One of the many ironies here is that the Employee Free Choice Act already has majority support--the bill just needs to get a vote on the Senate floor. In 2007 the bill passed overwhelmingly in the House and garnered fifty-one votes in the Senate, but when Democrats failed to achieve a filibuster-proof majority, the business press was quick to assert that this put "a question mark" over labor law reform. The real question, says SEIU president Stern, is, "Are we willing to say if we can't get sixty votes we won't fight? We will lose as progressives if we concede that idea." Other union leaders worry privately that the bill can't be won intact, that the increased penalties for worker intimidation might face better odds on their own. Representative George Miller, chair of the House Education and Labor Committee, insists that it can. "We had the same opposition last year [2007], and the members understand the issue pretty clearly," he says. "You're either going to give the middle class the tools so they can hold on to their economic livelihood or you're not. It's a very important priority for me."
SEIU has committed 50 percent of its staff to a field campaign in support of Employee Free Choice and national healthcare and expects each local to commit 30 percent of its staff as well. Secretary-treasurer Anna Burger says the union will be in fourteen states with an ambitious "field, phone, air, town-hall-meeting press strategy.
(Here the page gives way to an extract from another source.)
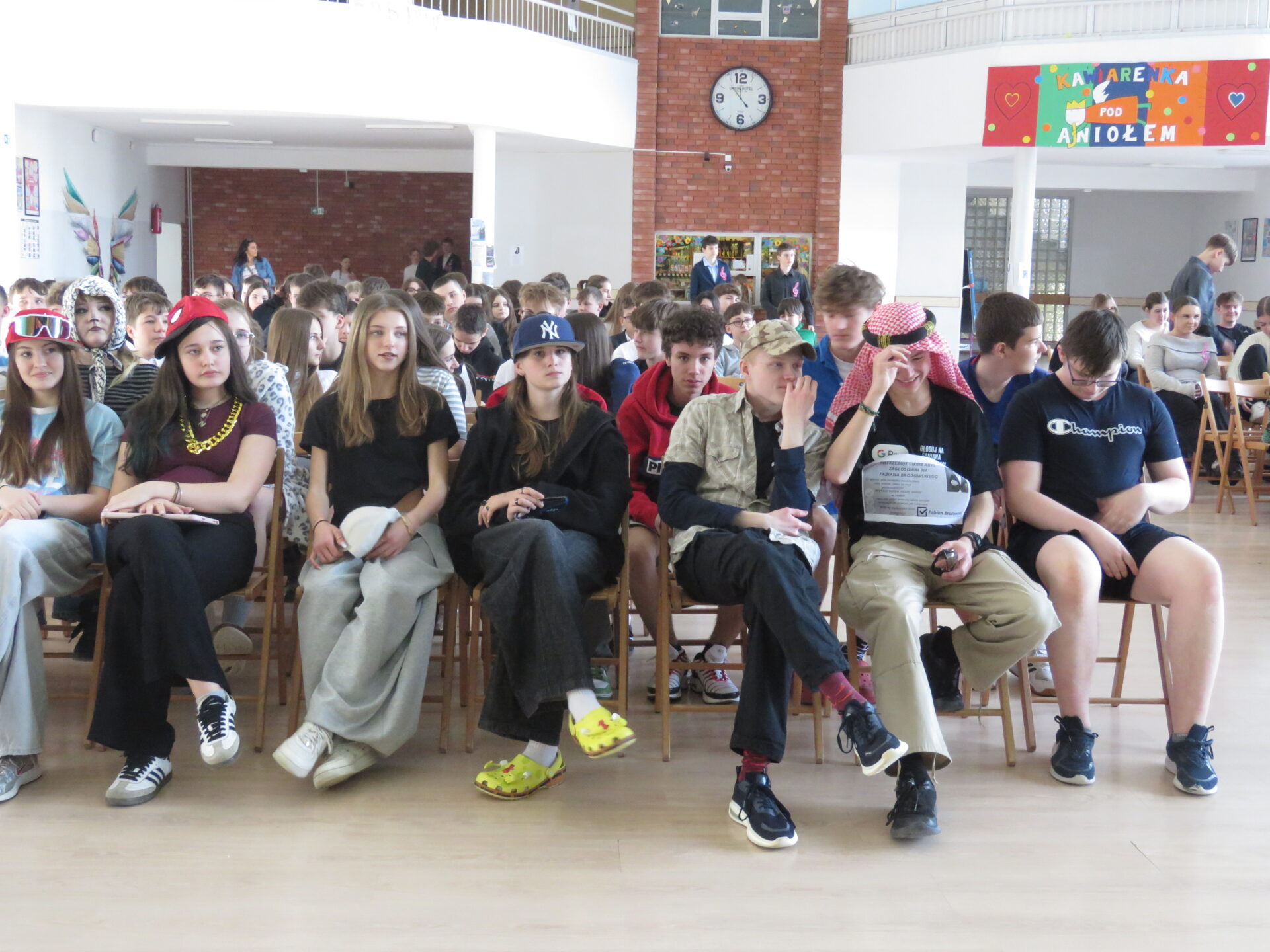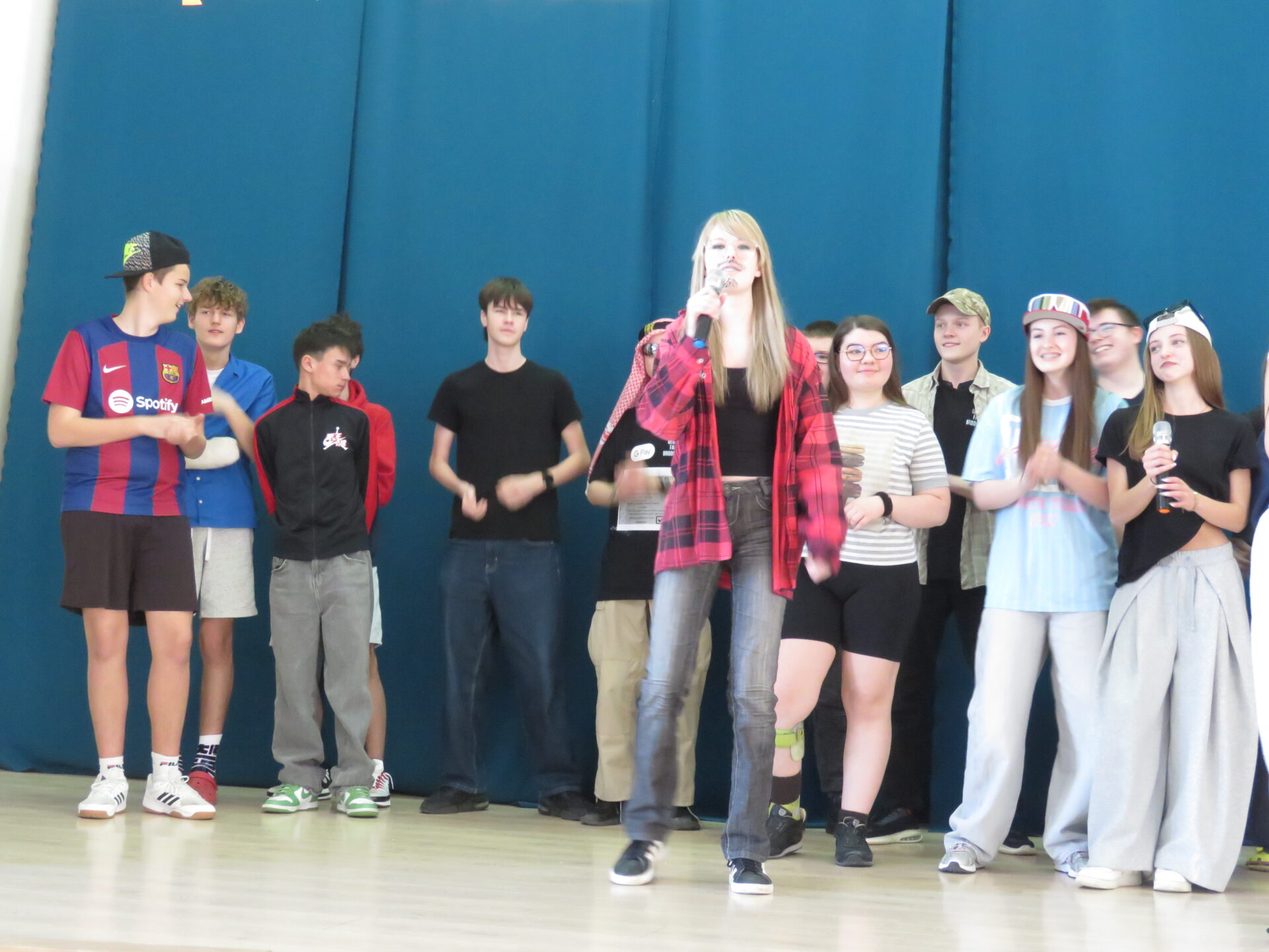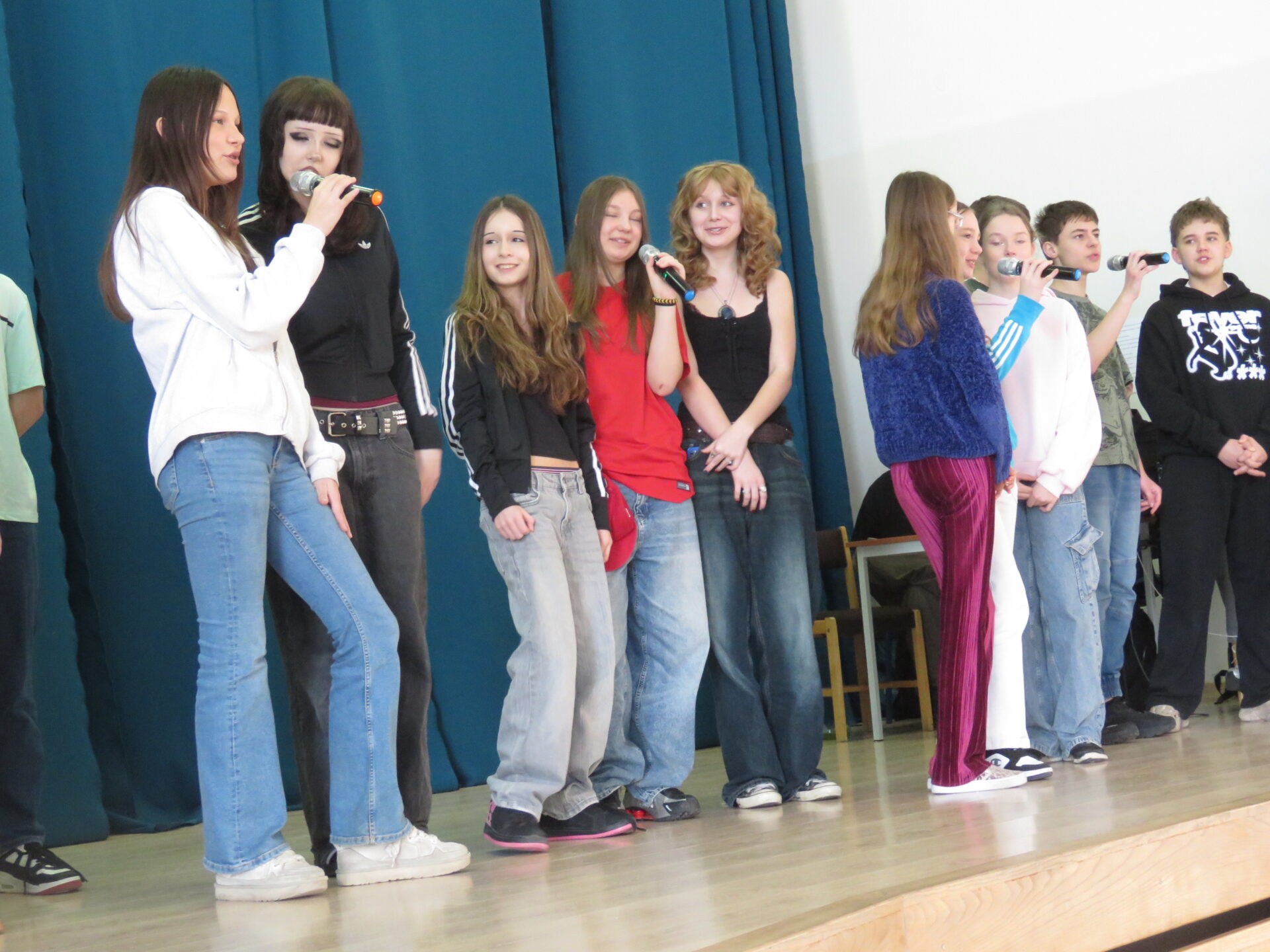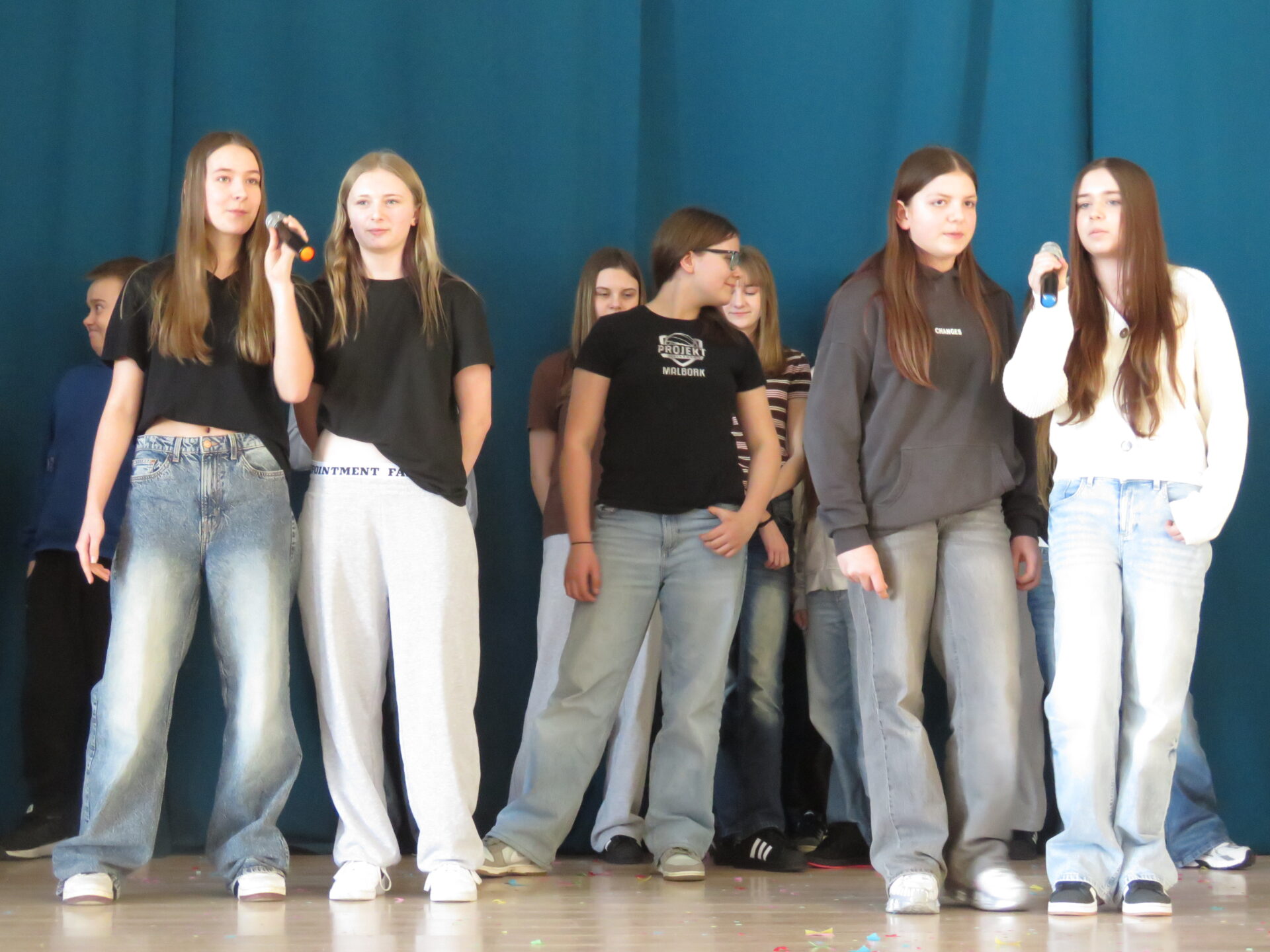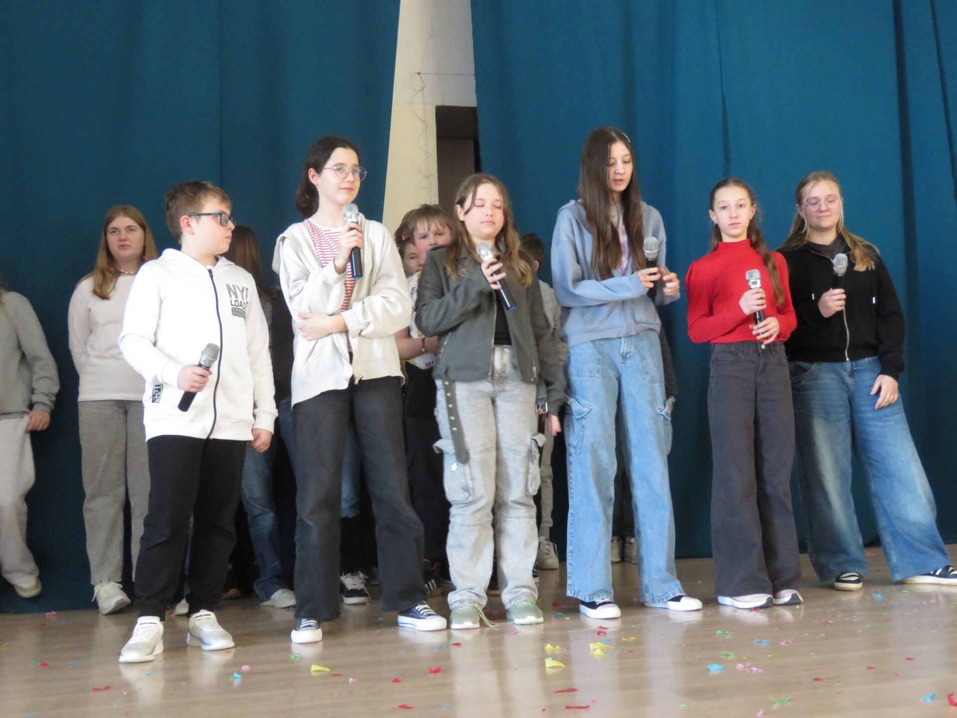 W dniach 18 i 19 marca 2026r. szkolną aulę wypełniły piękne głosy naszych uczniów. Każda z klas miała za zadanie przygotować wykonanie jednej piosenki, co stało się dla nich okazją do wspólnego działania. Podczas Międzyklasowego Konkursu Muzycznego usłyszeliśmy różnorodny repertuar, od ponadczasowych przebojów po najnowsze hity. Występujący zadbali nie tylko o wokalne walory prezentacji — wiele z nich wzbogaconych było o układy choreograficzne, rekwizyty czy stroje. Uczniowie włożyli w nie mnóstwo serca i to właśnie ich zaangażowanie było najważniejszą wartością.

We're going to tie that to a Hill strategy as well so they never lose sight of us, and we never lose sight of them, until we get this done. And if they don't vote with us, they need to be clear about what's going to happen to them. People up for re-election should experience some of our ground operation now." Kenneth Zinn says the AFL-CIO will be active in eighteen states, continuing the record-breaking ground operation it put in place for the 2008 election. It is also raising $30 million for a media campaign. Altogether, says Bob Callahan of Change to Win, the two labor federations will have several thousand people on the ground full time to fight for the bill. "Labor has done an incredible job of staying focused on this as a top priority," says Mary Beth Maxwell, "and allies have really stepped up and realized this is more than just labor's fight."
As UC Santa Barbara labor historian Nelson Lichtenstein points out, the New Deal was not just a series of reforms that stabilized banking or stimulated the economy. "Those reforms," he says, "were backstopped by the organization of the working class, and those reforms continued for two generations." Any Obama-era reforms, he adds, "can and will dissipate" unless unions form an institutional bulwark against retreat.
Fred Feinstein, a former counsel to the NLRB during the Clinton years, was a Congressional aide in the late '70s, the last time Democrats, in control on Capitol Hill, made a full-court press to pass labor law reform. They failed to achieve cloture in the Senate by a single vote. Then, unions were more than twice their current size and less allied with progressive causes, and so it was easier to frame the battle as a parochial fight between big labor and big business. "Labor's decline helps recast that dynamic," he says. "This time around it isn't about two special interests; it's about economic recovery and restoring the middle class."